#### [DESCRIPTION OF THE TASK]
In the entries below, find the line containing "- Select the" and the line containing "2月11日,刘庄矿业书法协会". Copy those two lines and everything between them exactly, without the pictures.

#### [MATERIAL FOR THIS EXERCISE]
————————

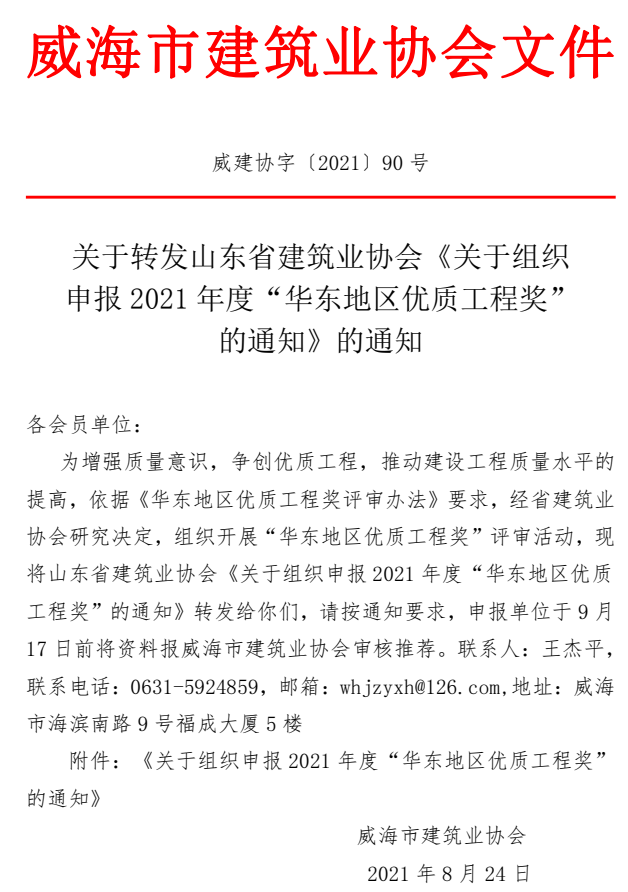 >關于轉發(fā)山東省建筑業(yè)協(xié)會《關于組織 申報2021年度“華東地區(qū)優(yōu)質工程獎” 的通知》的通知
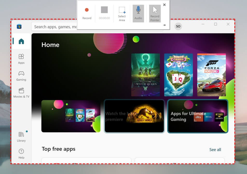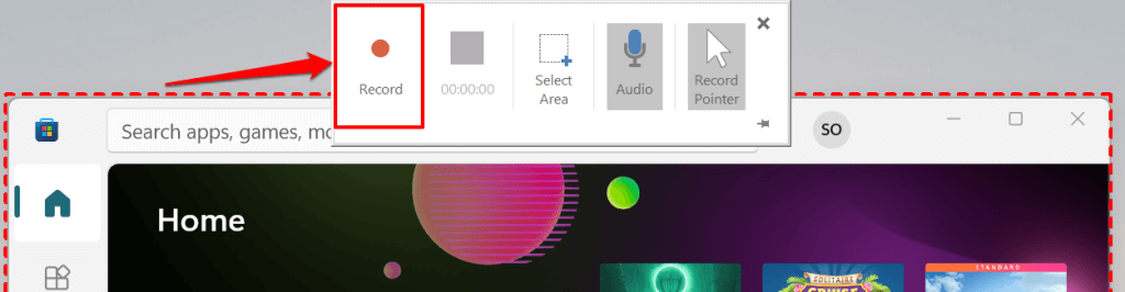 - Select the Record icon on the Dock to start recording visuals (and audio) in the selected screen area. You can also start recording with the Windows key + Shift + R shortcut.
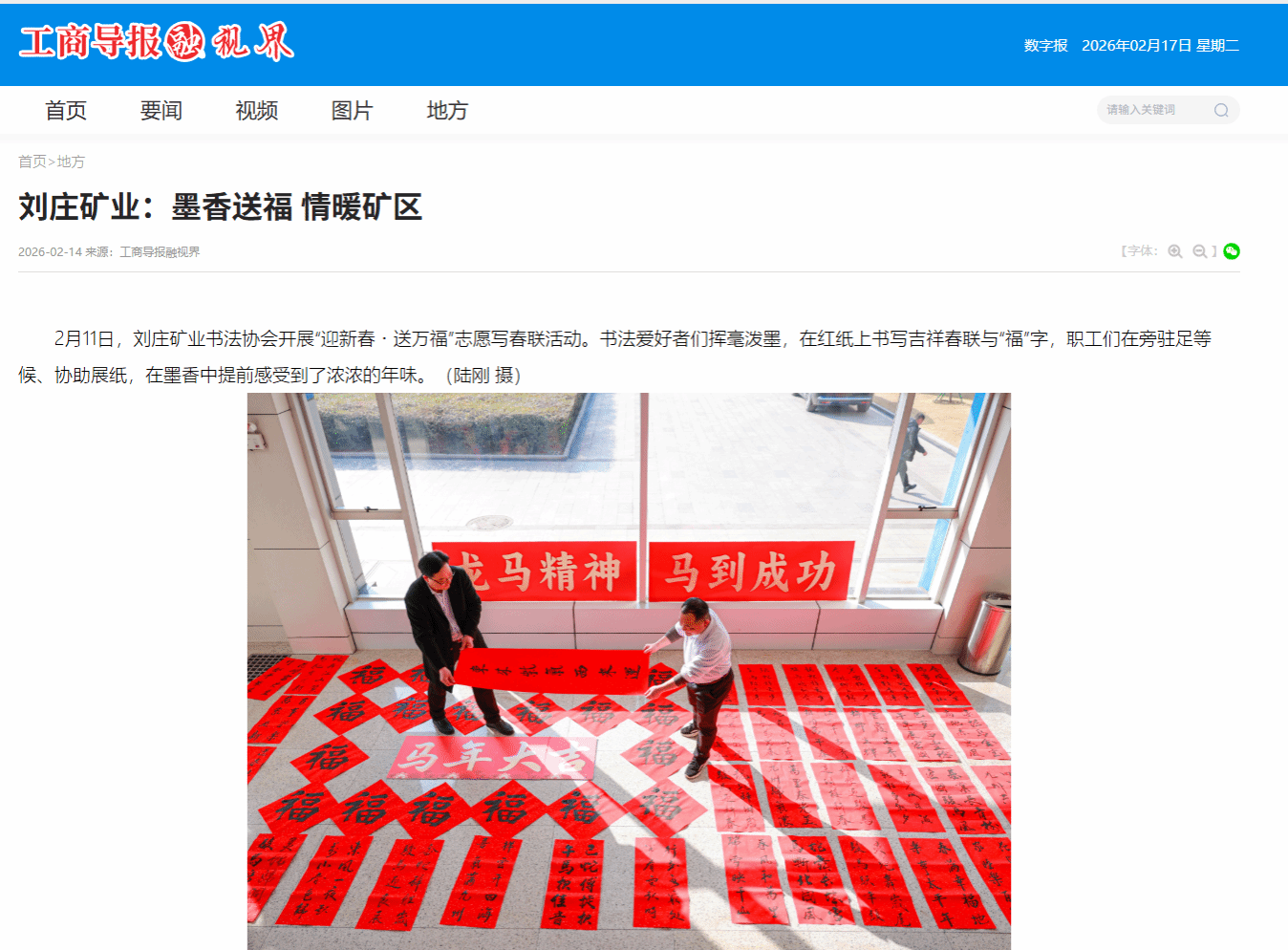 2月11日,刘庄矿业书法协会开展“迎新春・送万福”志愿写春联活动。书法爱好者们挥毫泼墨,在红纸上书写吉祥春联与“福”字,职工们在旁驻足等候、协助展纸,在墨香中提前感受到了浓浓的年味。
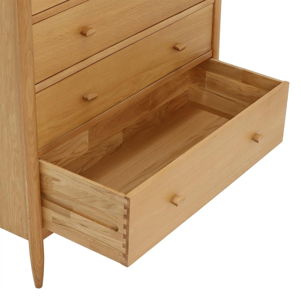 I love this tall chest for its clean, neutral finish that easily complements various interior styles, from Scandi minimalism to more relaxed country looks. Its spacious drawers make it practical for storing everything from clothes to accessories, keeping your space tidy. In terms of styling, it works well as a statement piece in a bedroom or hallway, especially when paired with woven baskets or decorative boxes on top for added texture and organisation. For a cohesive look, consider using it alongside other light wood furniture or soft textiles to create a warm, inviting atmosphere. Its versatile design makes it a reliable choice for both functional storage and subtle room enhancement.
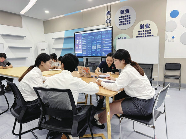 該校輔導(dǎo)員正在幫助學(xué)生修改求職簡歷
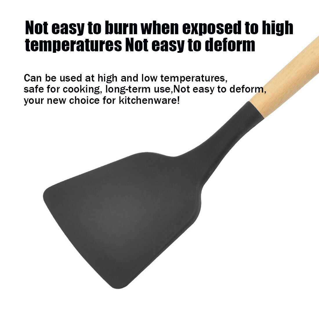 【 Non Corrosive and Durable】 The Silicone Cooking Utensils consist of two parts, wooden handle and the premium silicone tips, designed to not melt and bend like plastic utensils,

————————

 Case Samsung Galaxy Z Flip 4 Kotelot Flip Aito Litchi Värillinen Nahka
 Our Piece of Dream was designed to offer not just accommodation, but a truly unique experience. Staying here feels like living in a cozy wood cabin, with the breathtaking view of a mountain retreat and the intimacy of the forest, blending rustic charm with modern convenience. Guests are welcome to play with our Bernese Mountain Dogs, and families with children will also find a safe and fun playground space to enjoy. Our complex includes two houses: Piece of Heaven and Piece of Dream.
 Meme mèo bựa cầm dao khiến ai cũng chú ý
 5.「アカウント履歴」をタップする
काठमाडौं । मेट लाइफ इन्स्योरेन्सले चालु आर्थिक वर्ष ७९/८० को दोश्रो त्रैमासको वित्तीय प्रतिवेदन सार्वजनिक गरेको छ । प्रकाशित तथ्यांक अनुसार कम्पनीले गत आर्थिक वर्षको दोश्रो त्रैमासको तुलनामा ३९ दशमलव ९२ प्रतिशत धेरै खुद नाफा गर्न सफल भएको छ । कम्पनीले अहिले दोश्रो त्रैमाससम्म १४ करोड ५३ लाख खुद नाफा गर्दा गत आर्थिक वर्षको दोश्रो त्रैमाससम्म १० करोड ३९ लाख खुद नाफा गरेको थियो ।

————————

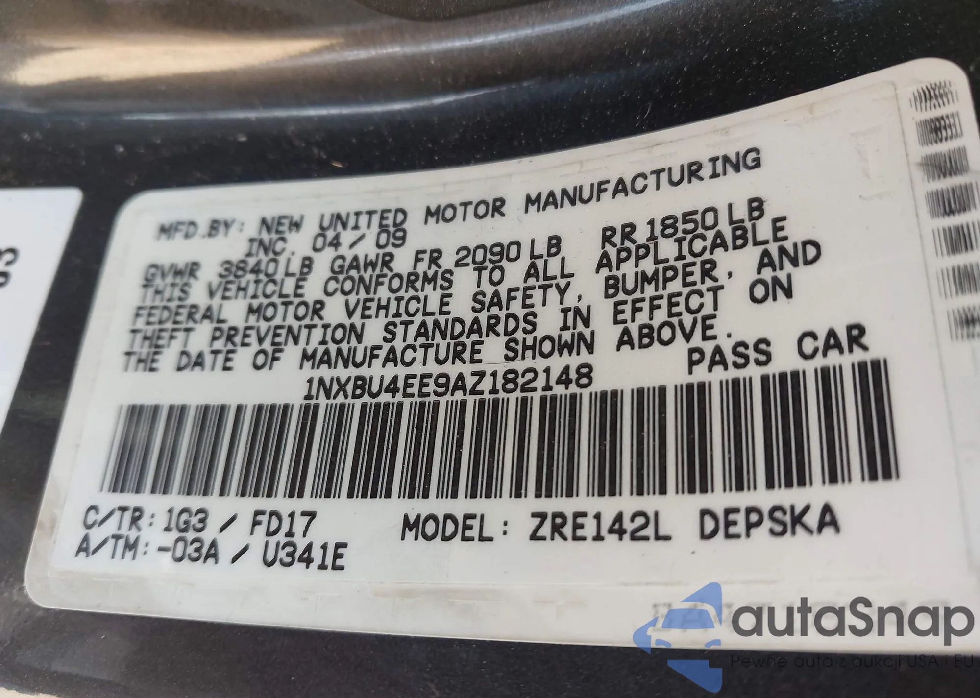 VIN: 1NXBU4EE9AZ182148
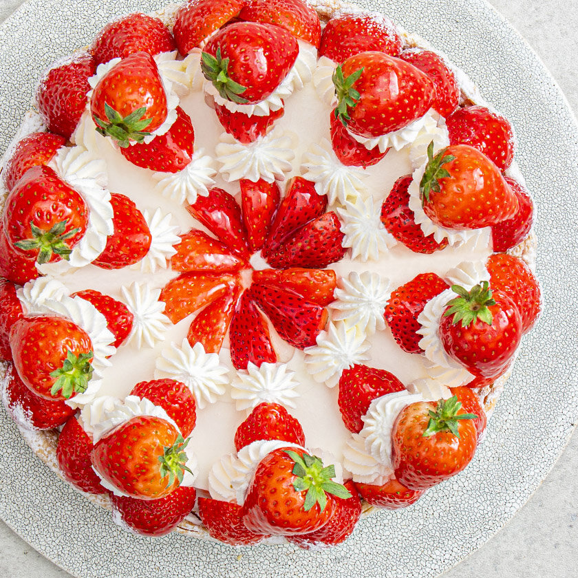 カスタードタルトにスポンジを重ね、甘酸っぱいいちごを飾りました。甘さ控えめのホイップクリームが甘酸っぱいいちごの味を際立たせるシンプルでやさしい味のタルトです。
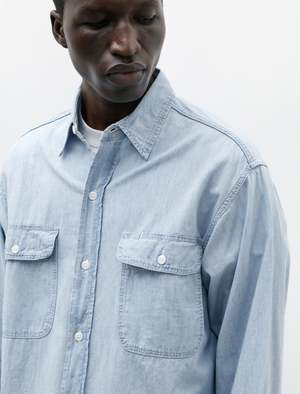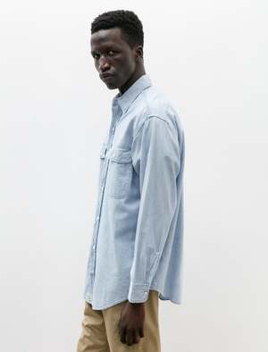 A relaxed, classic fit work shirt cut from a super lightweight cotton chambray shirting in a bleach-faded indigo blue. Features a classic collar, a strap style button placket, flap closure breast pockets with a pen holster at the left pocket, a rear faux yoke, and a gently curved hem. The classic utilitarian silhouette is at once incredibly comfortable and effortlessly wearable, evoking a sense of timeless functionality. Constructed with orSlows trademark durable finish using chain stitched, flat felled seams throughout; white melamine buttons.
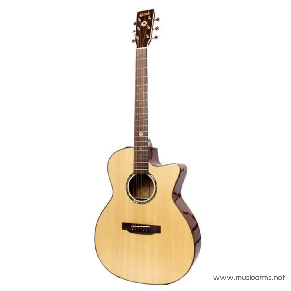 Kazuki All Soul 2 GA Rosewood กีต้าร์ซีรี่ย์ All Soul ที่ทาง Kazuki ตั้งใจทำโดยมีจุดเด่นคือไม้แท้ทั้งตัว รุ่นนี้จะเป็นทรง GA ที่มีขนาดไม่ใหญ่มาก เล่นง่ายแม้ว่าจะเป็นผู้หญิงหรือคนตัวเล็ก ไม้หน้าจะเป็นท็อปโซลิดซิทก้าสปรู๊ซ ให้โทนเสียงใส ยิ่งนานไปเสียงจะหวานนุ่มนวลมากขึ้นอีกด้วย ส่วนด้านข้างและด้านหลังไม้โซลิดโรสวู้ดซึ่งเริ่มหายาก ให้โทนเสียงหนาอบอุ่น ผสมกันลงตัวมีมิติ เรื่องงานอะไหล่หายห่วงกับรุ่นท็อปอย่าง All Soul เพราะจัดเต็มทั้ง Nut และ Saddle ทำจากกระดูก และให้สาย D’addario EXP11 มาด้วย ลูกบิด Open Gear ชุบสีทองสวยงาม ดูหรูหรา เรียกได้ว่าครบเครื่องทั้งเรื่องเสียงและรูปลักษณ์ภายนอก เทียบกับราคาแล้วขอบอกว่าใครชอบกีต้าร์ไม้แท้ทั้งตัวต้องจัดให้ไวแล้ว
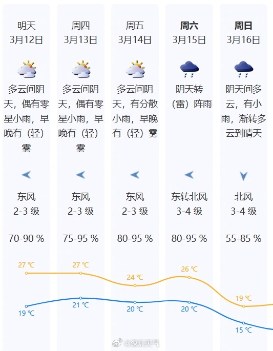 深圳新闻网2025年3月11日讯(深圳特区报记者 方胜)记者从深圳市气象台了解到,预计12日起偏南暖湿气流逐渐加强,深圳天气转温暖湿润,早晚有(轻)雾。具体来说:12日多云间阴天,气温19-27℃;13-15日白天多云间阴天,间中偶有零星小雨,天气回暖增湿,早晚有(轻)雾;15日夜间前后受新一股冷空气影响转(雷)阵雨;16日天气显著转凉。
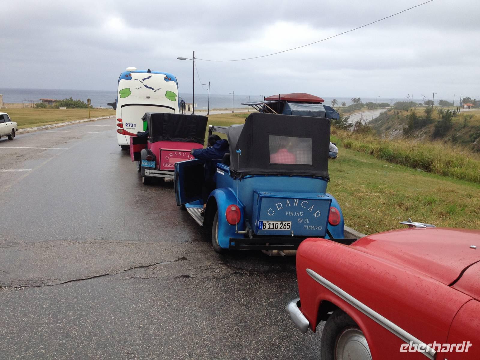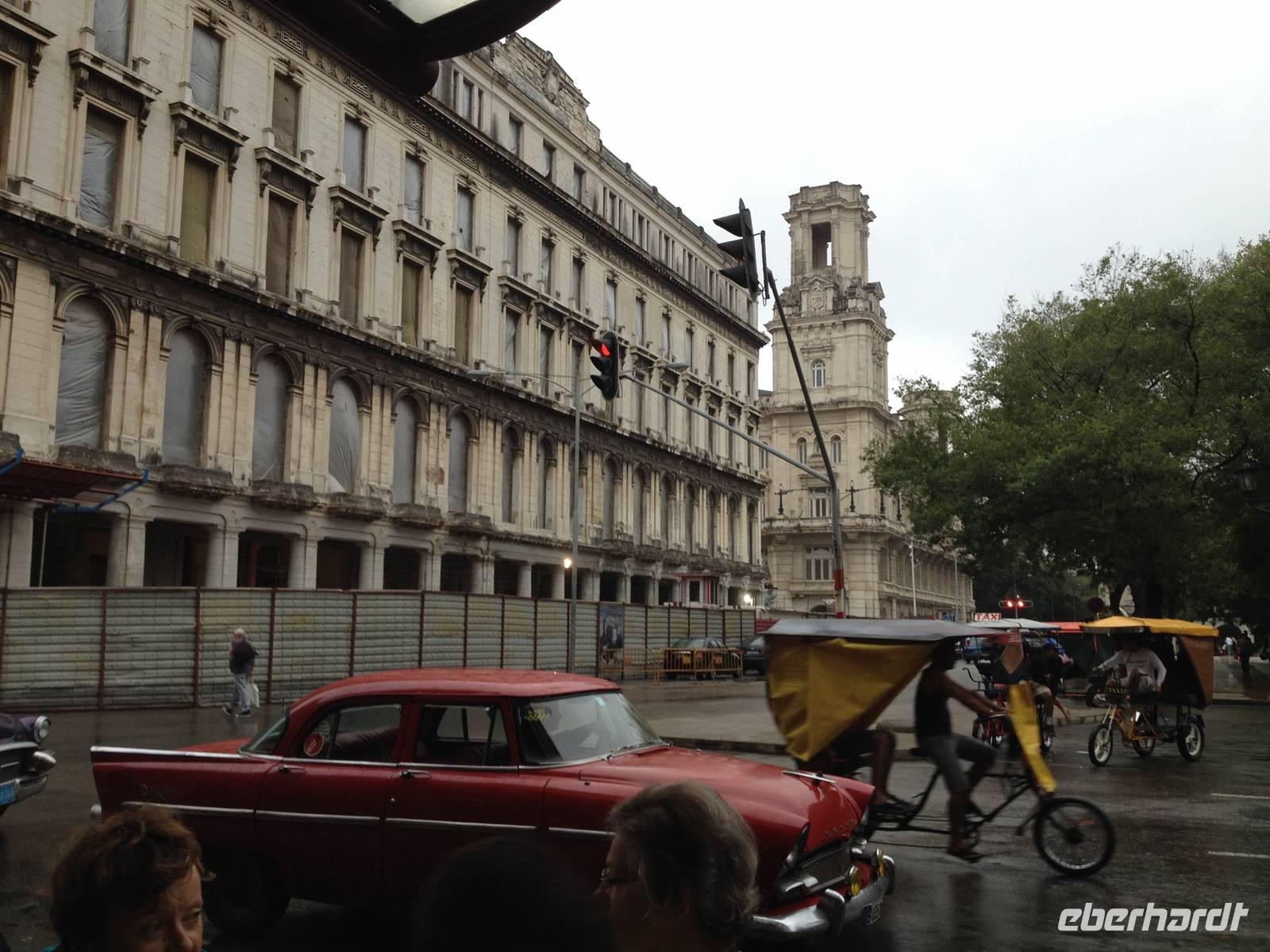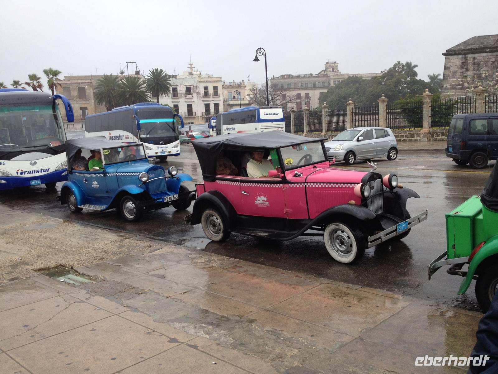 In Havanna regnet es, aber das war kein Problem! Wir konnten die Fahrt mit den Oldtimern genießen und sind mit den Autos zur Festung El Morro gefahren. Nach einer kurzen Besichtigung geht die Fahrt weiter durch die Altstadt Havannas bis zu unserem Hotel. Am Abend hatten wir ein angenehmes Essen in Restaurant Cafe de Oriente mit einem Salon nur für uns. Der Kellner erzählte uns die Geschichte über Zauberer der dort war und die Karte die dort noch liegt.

————————

#### [WRITTEN SOLUTION]
 - Select the Record icon on the Dock to start recording visuals (and audio) in the selected screen area. You can also start recording with the Windows key + Shift + R shortcut.
 2月11日,刘庄矿业书法协会开展“迎新春・送万福”志愿写春联活动。书法爱好者们挥毫泼墨,在红纸上书写吉祥春联与“福”字,职工们在旁驻足等候、协助展纸,在墨香中提前感受到了浓浓的年味。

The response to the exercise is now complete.